━━━ GIVEN MATERIAL ━━━
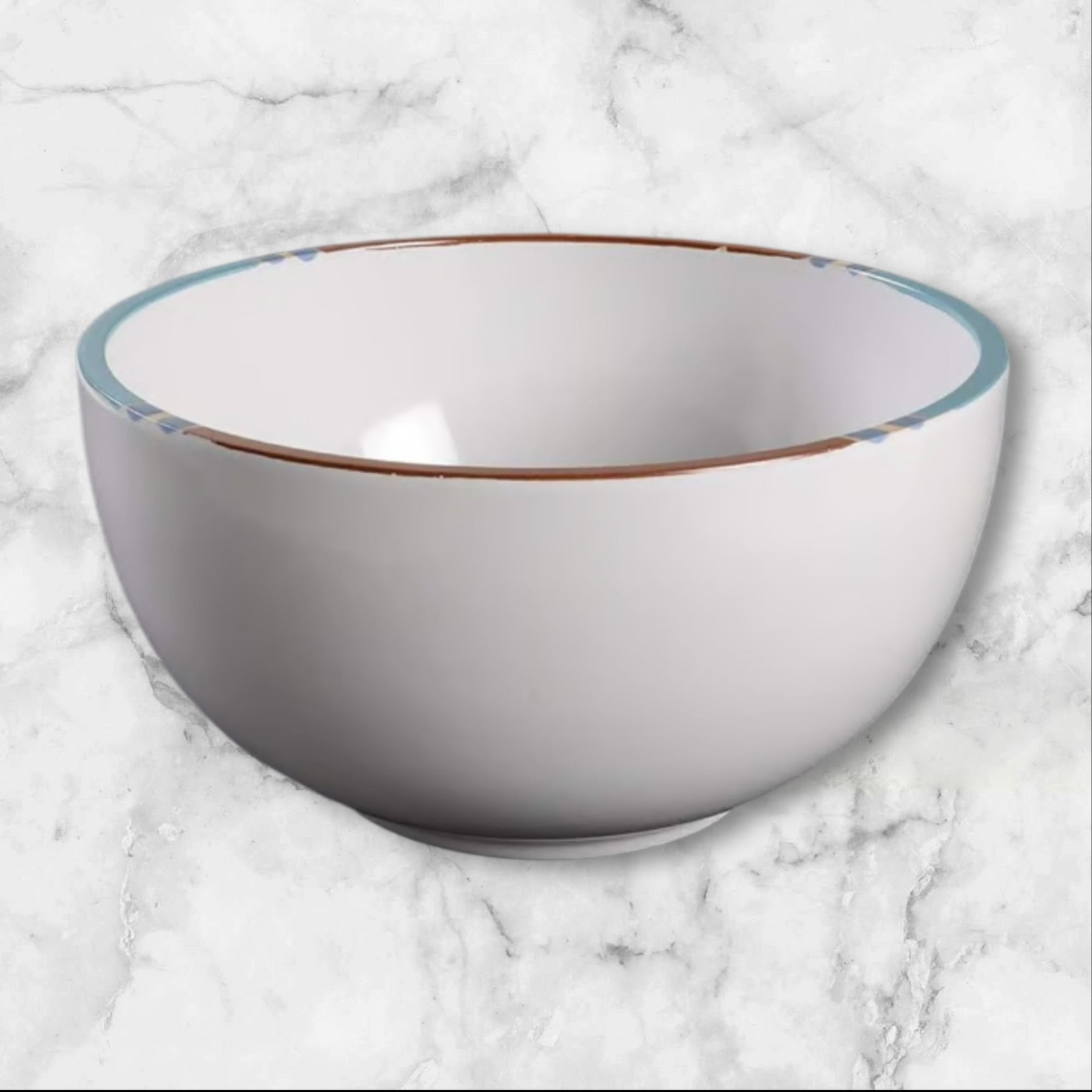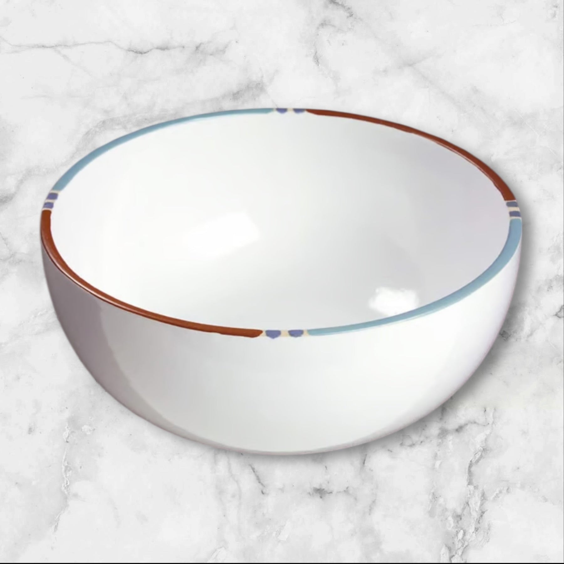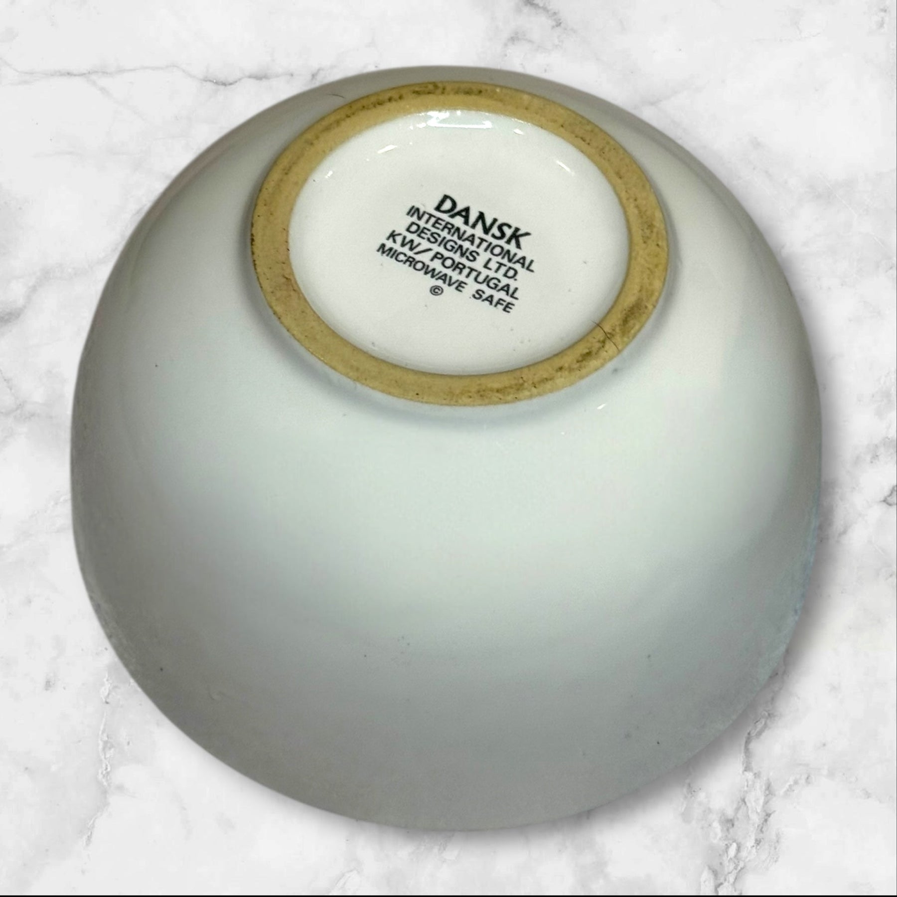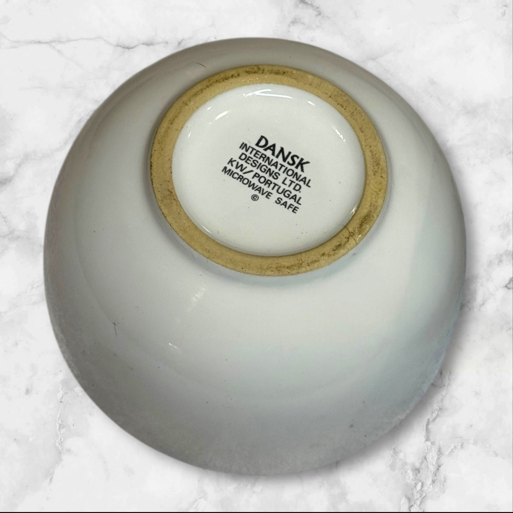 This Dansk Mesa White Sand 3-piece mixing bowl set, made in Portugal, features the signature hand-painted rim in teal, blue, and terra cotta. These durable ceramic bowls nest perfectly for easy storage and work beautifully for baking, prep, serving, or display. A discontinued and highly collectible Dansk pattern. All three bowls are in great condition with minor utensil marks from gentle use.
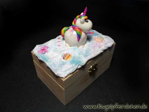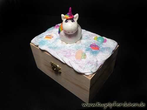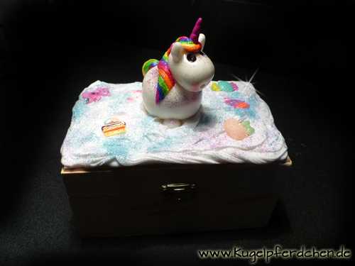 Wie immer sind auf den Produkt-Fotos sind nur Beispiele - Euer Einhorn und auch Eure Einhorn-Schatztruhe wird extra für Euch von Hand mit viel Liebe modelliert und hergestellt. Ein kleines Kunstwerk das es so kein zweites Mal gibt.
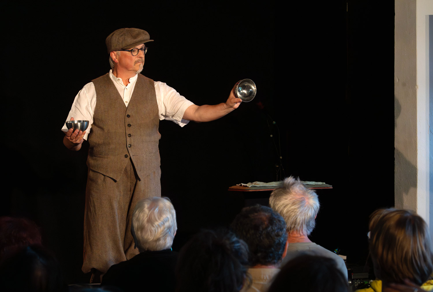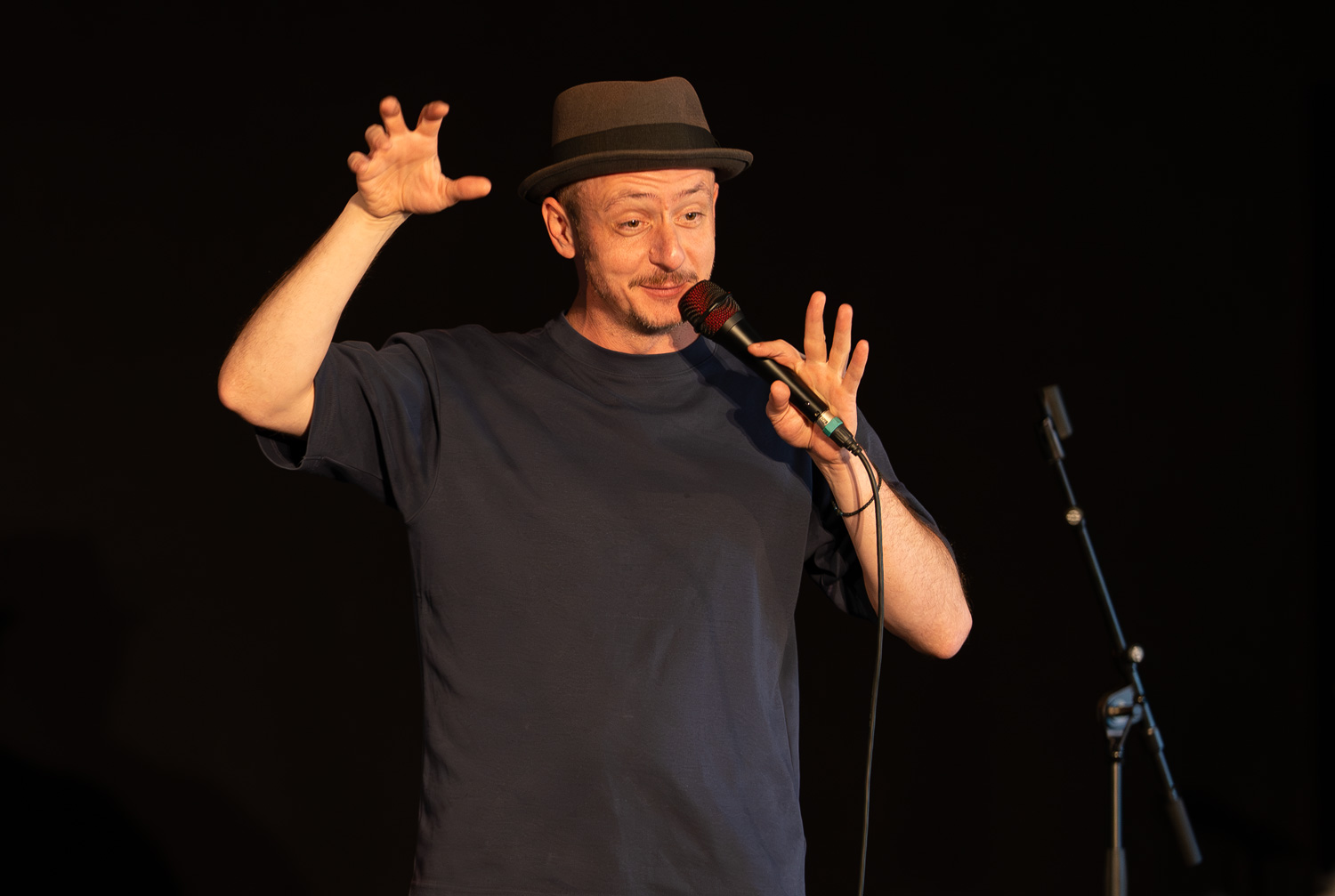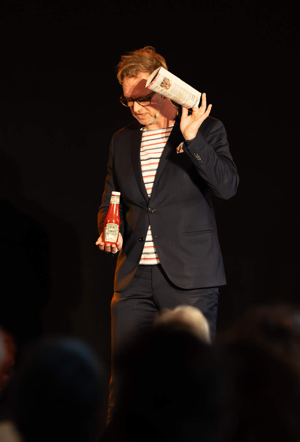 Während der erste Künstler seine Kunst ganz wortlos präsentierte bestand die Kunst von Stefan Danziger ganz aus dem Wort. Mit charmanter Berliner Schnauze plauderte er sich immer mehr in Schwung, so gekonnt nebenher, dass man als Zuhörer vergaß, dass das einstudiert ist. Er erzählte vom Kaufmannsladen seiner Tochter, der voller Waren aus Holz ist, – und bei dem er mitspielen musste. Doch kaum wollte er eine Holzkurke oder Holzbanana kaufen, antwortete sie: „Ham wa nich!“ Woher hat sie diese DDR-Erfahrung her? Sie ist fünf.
━━━
YOUR INSTRUCTIONS:
Exactly as written, repeat the lines of the material above from the first through the line holding "Wie immer sind", with both ends in the copy and no pictures.

REPLY TO THE EXERCISE:
 This Dansk Mesa White Sand 3-piece mixing bowl set, made in Portugal, features the signature hand-painted rim in teal, blue, and terra cotta. These durable ceramic bowls nest perfectly for easy storage and work beautifully for baking, prep, serving, or display. A discontinued and highly collectible Dansk pattern. All three bowls are in great condition with minor utensil marks from gentle use.
 Wie immer sind auf den Produkt-Fotos sind nur Beispiele - Euer Einhorn und auch Eure Einhorn-Schatztruhe wird extra für Euch von Hand mit viel Liebe modelliert und hergestellt. Ein kleines Kunstwerk das es so kein zweites Mal gibt.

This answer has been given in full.